Recorded data
....
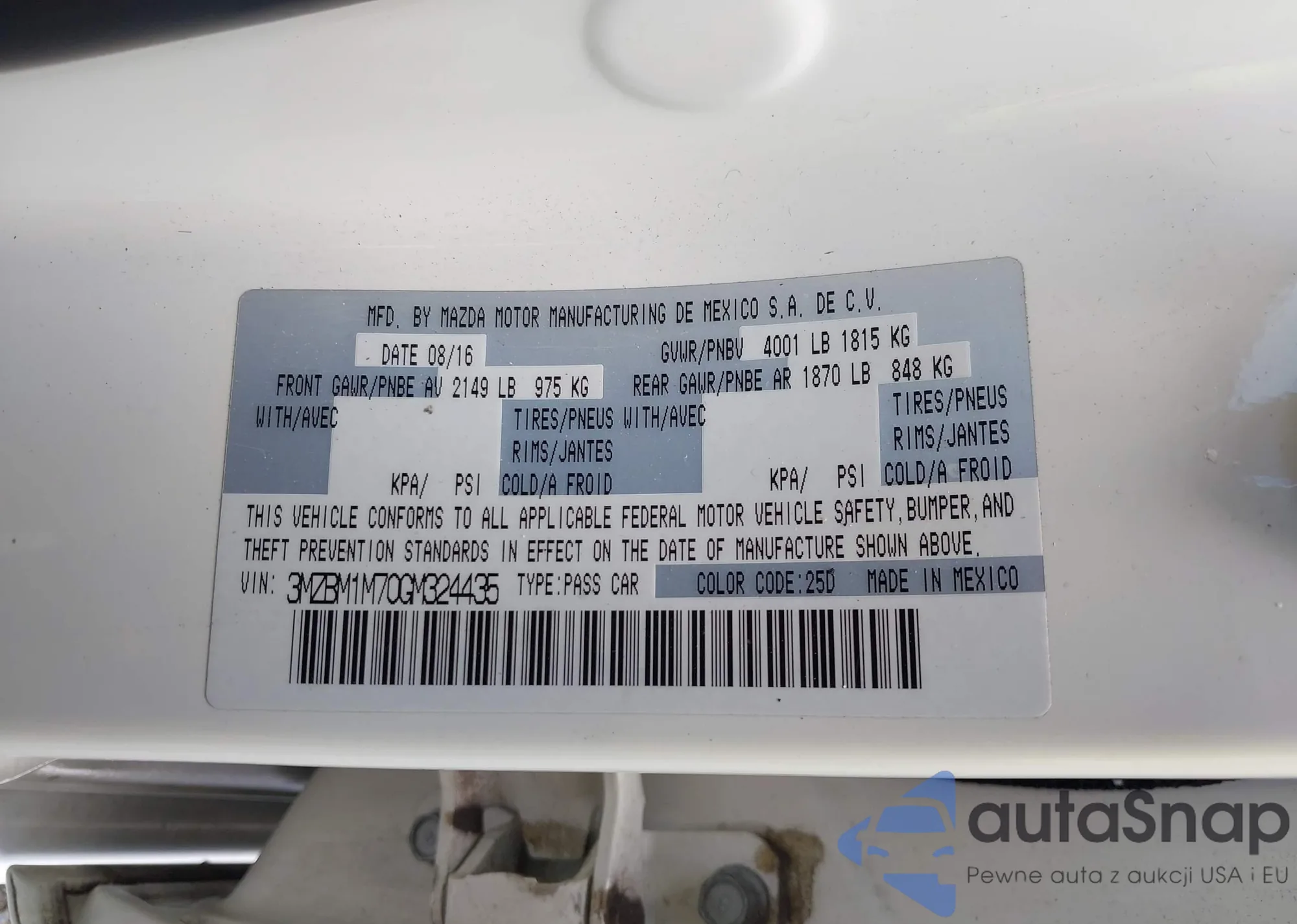 LOT: 42197410 VIN: KNMAT2MV6FP578987
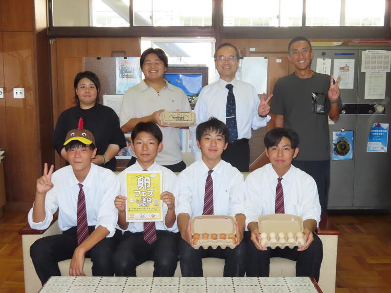10月10日(金)、農業科学科の「こっこくらぶ」の生徒達が、来週末の10月17~19日に東京で開催される「卵フェスin池袋2025」への出場報告に校長室を訪れました。
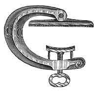 | Dunlop C-Clamp Here the rubber tubing is extended to protect the side of the instrument neck. Marketed by Dunlop. |
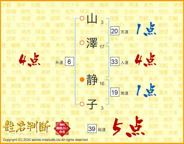 山(3画)澤(17画) 静(16画)子(3画)
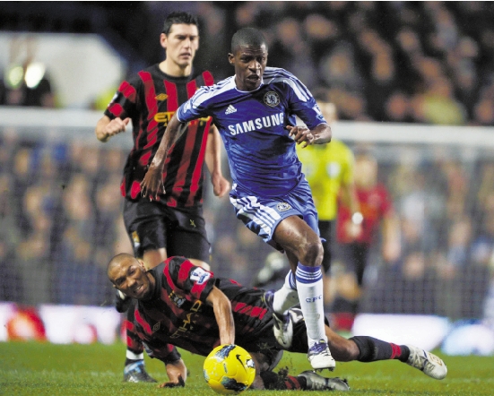 12月12日,切尔西队球员拉米雷斯(右)在比赛中带球突破曼城队球员克利希(下)的防守。当日,在2011-2012赛季英格兰足球超级联赛第15轮比赛中,切尔西队主场以2比1战胜曼城队。 新华社发
....
### [Work order]
Leave the images aside and transcribe all entries exactly.

### [Exercise solution]
 LOT: 42197410 VIN: KNMAT2MV6FP578987
10月10日(金)、農業科学科の「こっこくらぶ」の生徒達が、来週末の10月17~19日に東京で開催される「卵フェスin池袋2025」への出場報告に校長室を訪れました。
 | Dunlop C-Clamp Here the rubber tubing is extended to protect the side of the instrument neck. Marketed by Dunlop. |
 山(3画)澤(17画) 静(16画)子(3画)
 12月12日,切尔西队球员拉米雷斯(右)在比赛中带球突破曼城队球员克利希(下)的防守。当日,在2011-2012赛季英格兰足球超级联赛第15轮比赛中,切尔西队主场以2比1战胜曼城队。 新华社发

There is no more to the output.